No joy in pulling the ATO’s tail

From
Peter Townsend

Peter Townsend

An SMSF trustee who objected to an ATO determination about a breach of a trustee’s covenant found himself disqualified as a trustee.

George Hart was a trustee of the Hart Superannuation Fund, a self-managed fund set up in 2003.

The auditor of the fund lodged a contravention report against the fund because George arranged for the fund to buy a property but did not put it in the fund’s name or, more precisely, the name of the trustees of the fund.  This is a breach of s.52(2)(d) of the SIS Act (the Act).

Having been notified of the contravention the ATO decided to audit the fund itself.  During its audit the ATO found that George had arranged for the fund to buy the property from George himself (and his then wife).  As the property wasn’t business real property this was another contravention.

So far that made it ATO 2 – George 0.

The ATO advised that it considered George should be disqualified as a trustee because of these contraventions and because George’s actions:

  • breached s.66 of the Act which prohibits a trustee from intentionally acquiring an asset from a related party,
  • breached regulation 4.09A which requires the trustee to keep money and assets of the fund separate from money and assets held by the trustee personally, and
  • breached regulation 13.14 which prohibits a trustee giving a charge over an asset of the fund.

S,126A of the Act permits the ATO to disqualify individuals if satisfied that they are not a fit and proper person to be a trustee.

The ATO invited George to put his side of the story and show why he shouldn’t be disqualified.

George manfully put his position to the ATO.

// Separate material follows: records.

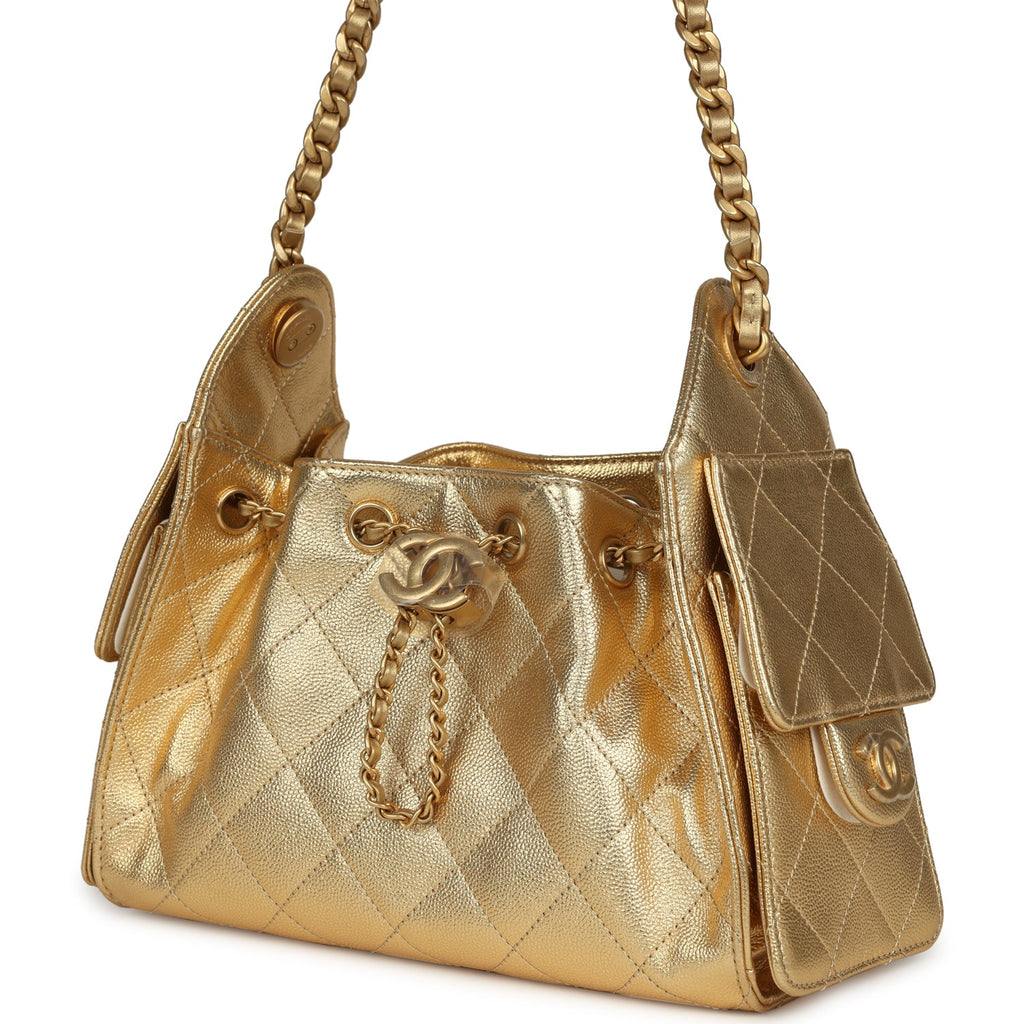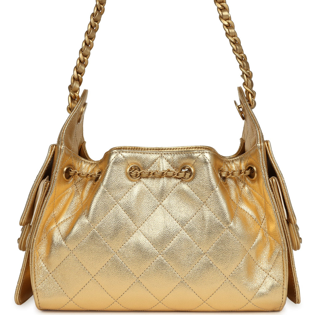 Chanel Mini 25 Hobo Bag Metallic Gold Caviar Caviar Antique Gold Hardware
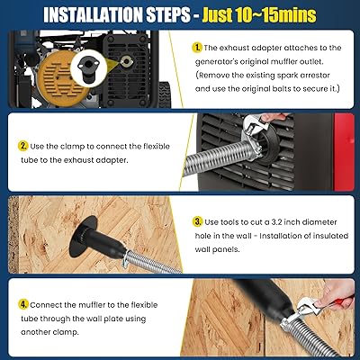 Il convient à la plupart des générateurs et des générateurs portables, tels que T07571, T07573, WH03242, H07552., Construction de matériaux sélectionnés: Ce kit d'extension d'échappement du générateur est construit en acier inoxydable de qualité aéronautique et en acier galvanisé et en couvre en poudre pour fournir des performances stables dans toutes les conditions météorologiques. Kit Ventilation Générateur Kit D'extension D'échappement Pour Générateur Avec Plaque De Montage Isolée à Travers Le Mur - Réduction Du Bruit De 50 % - Compatible Avec Firman H07552 Wh03242 T07571 T07573 Honda Eu6500is Eu7000is Silencieux Générateur Avec Grille Description du produit: Ce kit d'extension d'échappement du générateur comprend une construction en acier inoxydable de qualité aérospatiale avec une calandre de réduction du bruit personnalisée qui diminue le bruit d'échappement de plus de 55%. Améliorez votre expérience de générateur dès aujourd'hui avec notre kit silencieux d'extension d'échappement, et profitez d'une source d'énergie plus silencieuse, plus sûre et plus fiable 2550,00 g / 89,95 oz Taille de la plaque: env. Réduction du bruit à haute efficacité: notre kit de silencieux d'échappement adopte une nouvelle conception améliorée, une calandre de silencieux à haute densité spécialement conçue et un coton de silencieux interne, ce qui peut réduire considérablement le bruit d'environ 55% tout en absorbant mieux les solides nocifs dans le gaz d'échappement. Ensemble d'échappement de silencieux Générateur de moteur à essence... Spécifications Type d'article: Kit d'extension d'échappement du générateur Matériel: acier inoxydable, acier galvanisé Poids: env. y compris les adaptateurs universels, la plaque murale isolée et les accessoires de sécurité, il offre une ventilation sûre pour les générateurs portables dans divers environnements. Le port d'échappement de style grille empêche efficacement les petits animaux d'entrer dans le port d'échappement. Kit d’extension d’échappement 3 pièces Cela rend votre générateur plus silencieux, idéal pour les environnements communautaires et domestiques. Universal silencieux silencieux: Le kit d'extension de silencieux du générateur est très compatible et est livré avec deux adaptateurs universels.
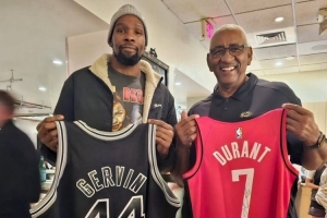 赛前,杜兰特和马刺名宿“冰人”乔治-格文交换球衣。
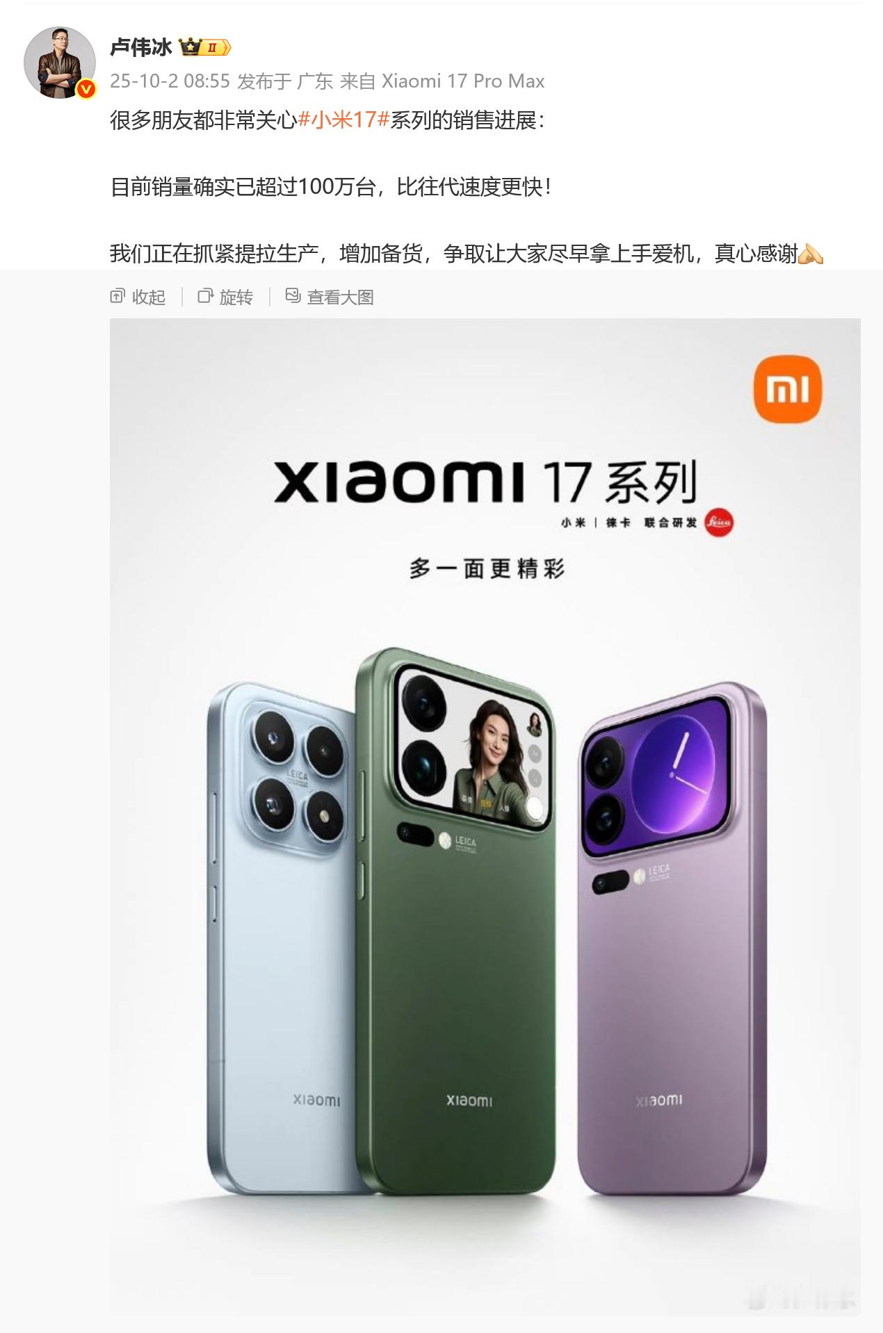 小米17系列销量破百万卢伟冰确认,小米17系列销量破百万。总结背屏爆火的原
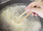 大きめの鍋に水を入れて沸騰させ、束を解いて麺がかたまらないようにバラバラと入れます。
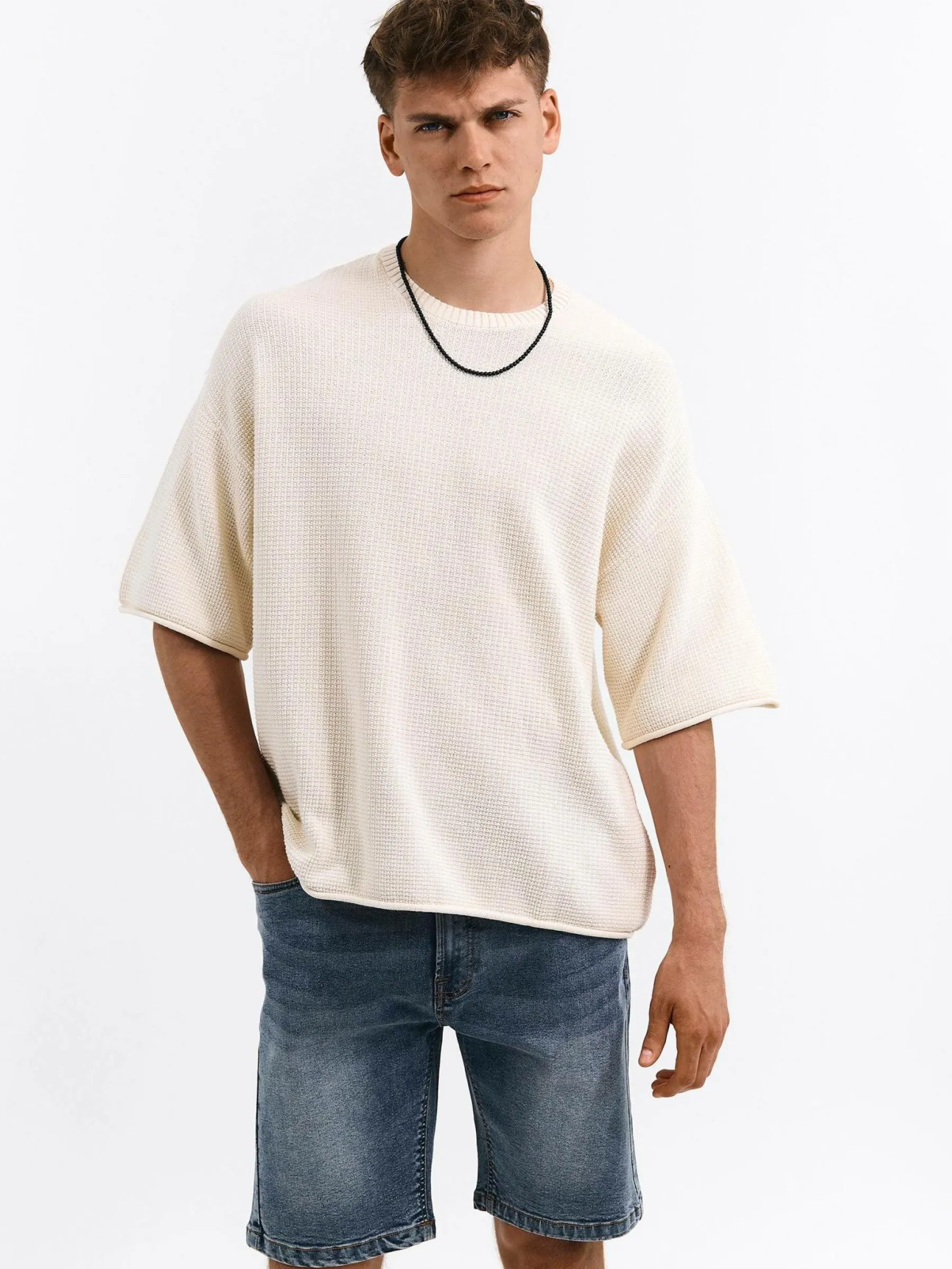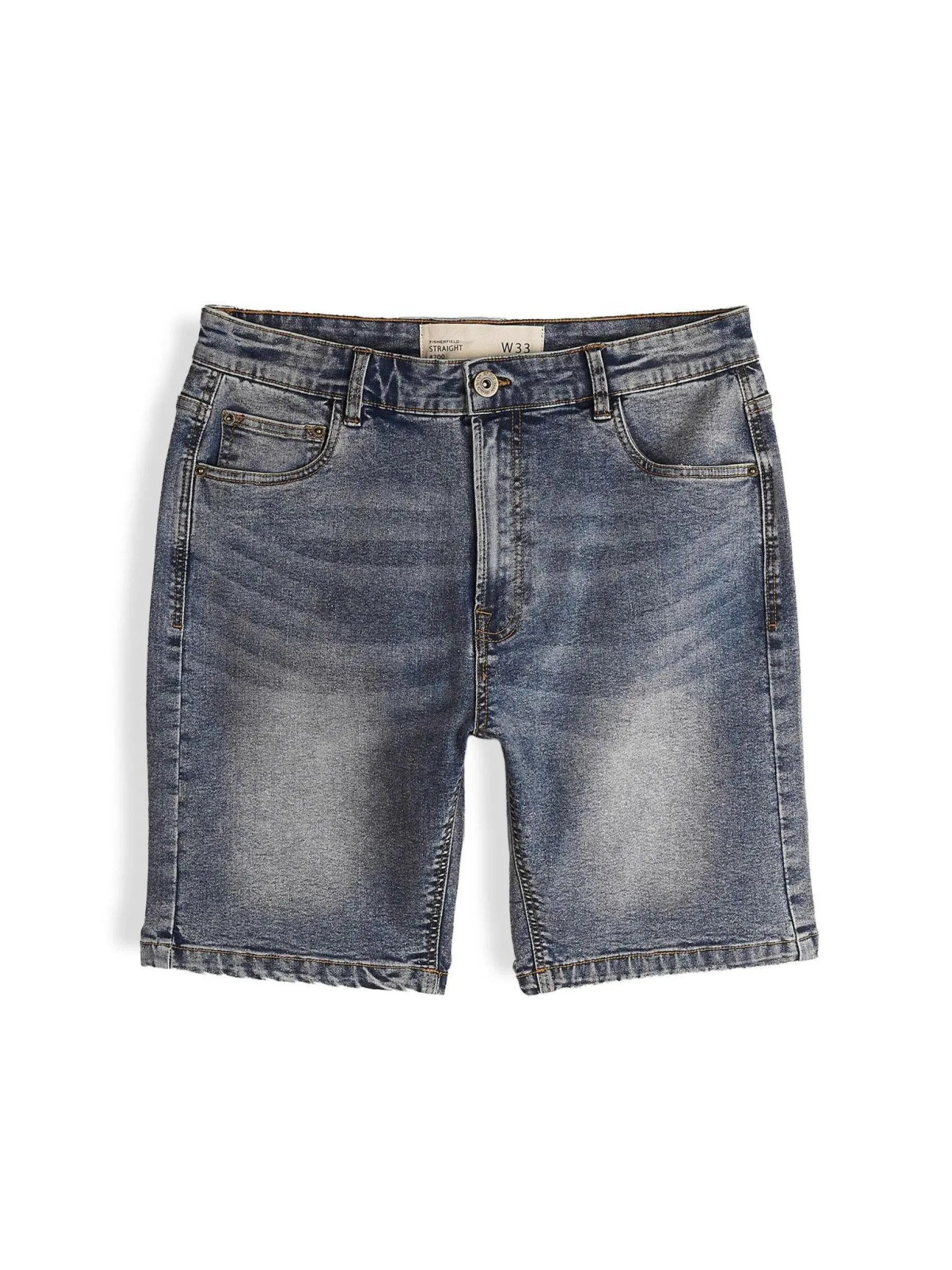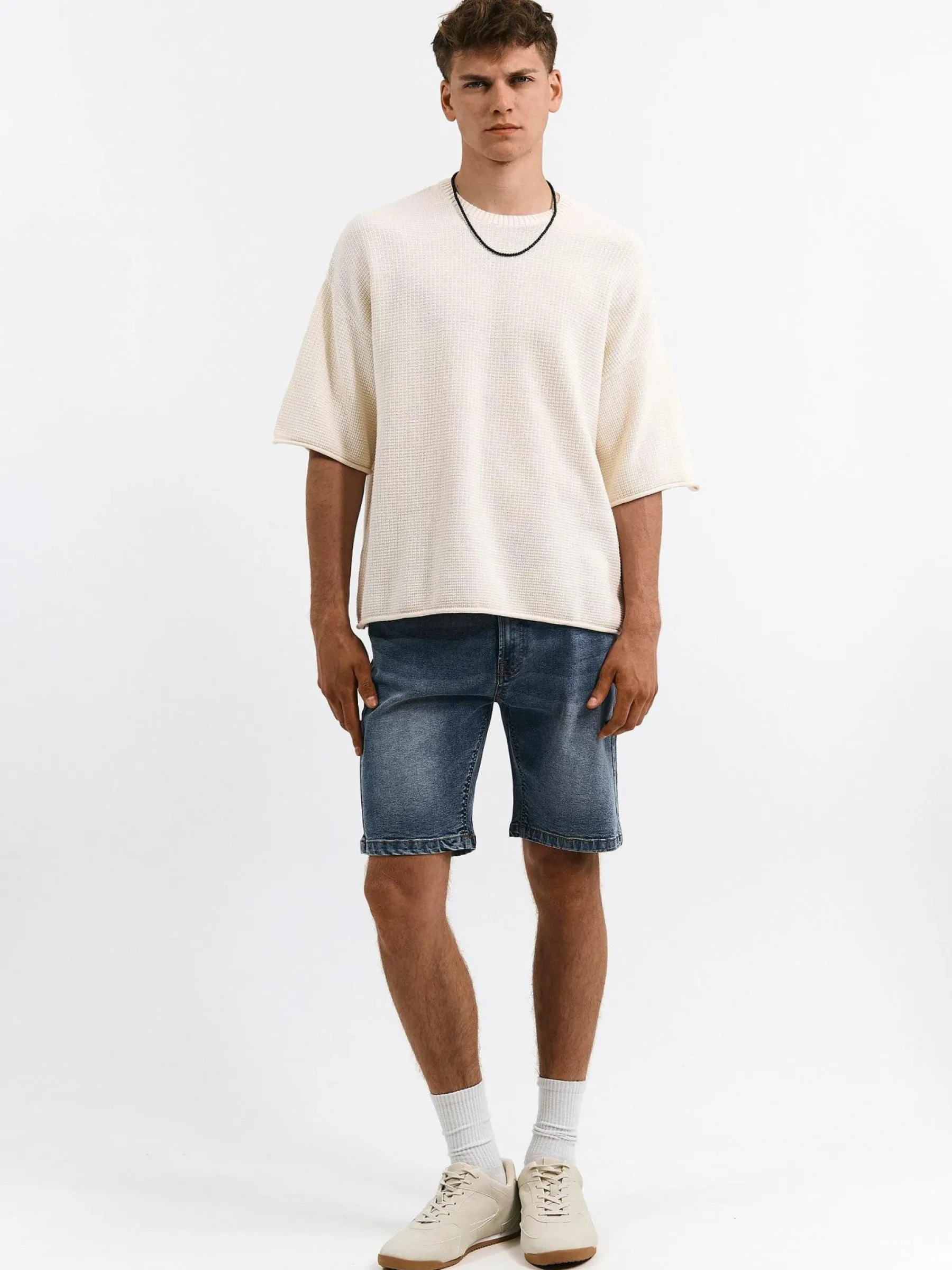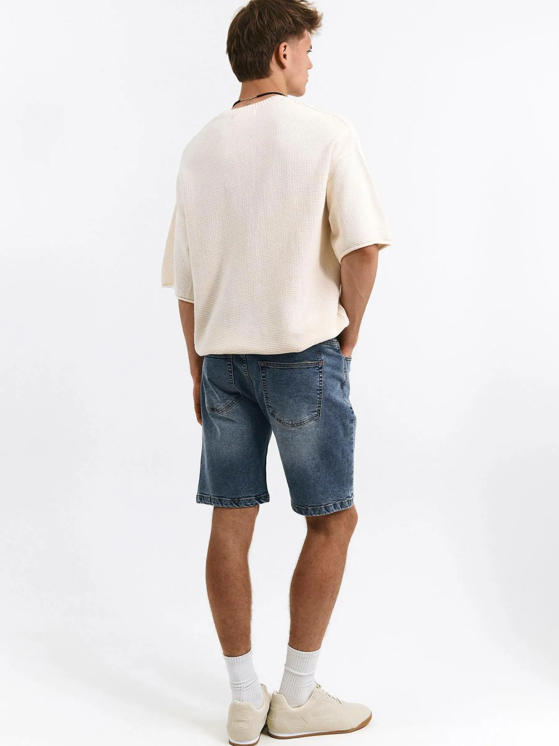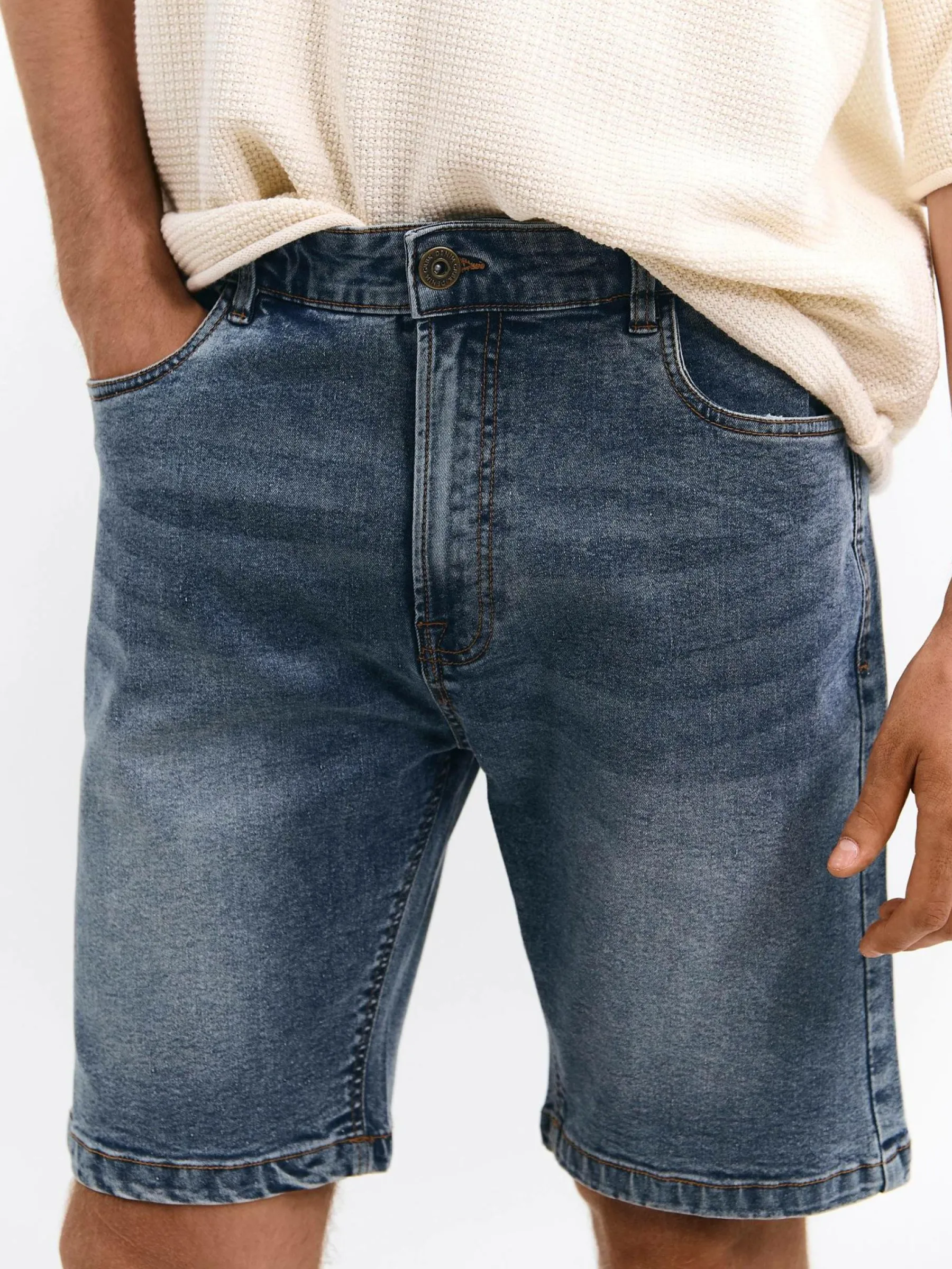 Kolor: niebieskiKrój: straightTyp: spodenkiDługość: krótkiPattern style: pojedynczy kolorDetal: na zamek, z kieszen…

They were unconvinced and disqualified him from acting as the trustee of the fund … or in fact any super fund.

ATO 3 – George 0

George was affronted.  He pulled out his lawyer.

S.344 of the Act permits a person affected by a reviewable decision to request the Regulator [the ATO] to reconsider the decision.

His lawyer asked the ATO to reconsider its decision, pointing out the numerous arguments George had to defend his actions.

The ATO refused to change its decision.

ATO 4 – George 0

Faced with this outrageous attitude of the Regulator, George did what any red-blooded super trustee would do – he appealed to the AAT.

S.344(8) of the Act provides that applications may be made to the Administrative Appeals Tribunal for review of decisions of the Regulator (ie ATO).

But while George was gearing up for war with the ATO, they were gearing up for war with him.

Further investigations followed and by the time the matter came before the AAT the ATO had amassed roughly 20 contraventions of the Act that they could lay at George’s door including:

  • failure to lodge annual returns of the fund for four income years
  • failure to meet a condition of release (set out in Column 2 of Schedule 1 to the SIS Regulations) when paying monies out of the fund
  • providing financial assistance to relatives in contravention of s. 65 of the Act
  • breaching the in-house assets exception in s. 66(2A) of the Act
  • breaching the arm’s length requirements of s. 109 of the Act
  • having 5 members in the fund contrary to s. 17A(1) of the Act
  • failing to comply with SIS Regulations 504 and 506 to pay members minimum benefits when their interest in the fund has been forfeited and they ceased to be a member
  • failing to act in the best interests of all beneficiaries
  • breaching the sole purpose test

ATO 24 – George 0

Needless to say the AAT confirmed the ATO’s decision to ban George because he was not a fit and proper person.

ATO 25 – George 0

The moral of this story?  Not sure where to start really …

Because the state gives tax concessions in relation to the operation of superannuation they impose many rules to ensure the proper, lawful and prudent operation of superannuation funds.  They reserve the right to prevent those who don’t abide by those rules from being involved in superannuation administration.

Don’t take the rules lightly if you want to enjoy the concessions.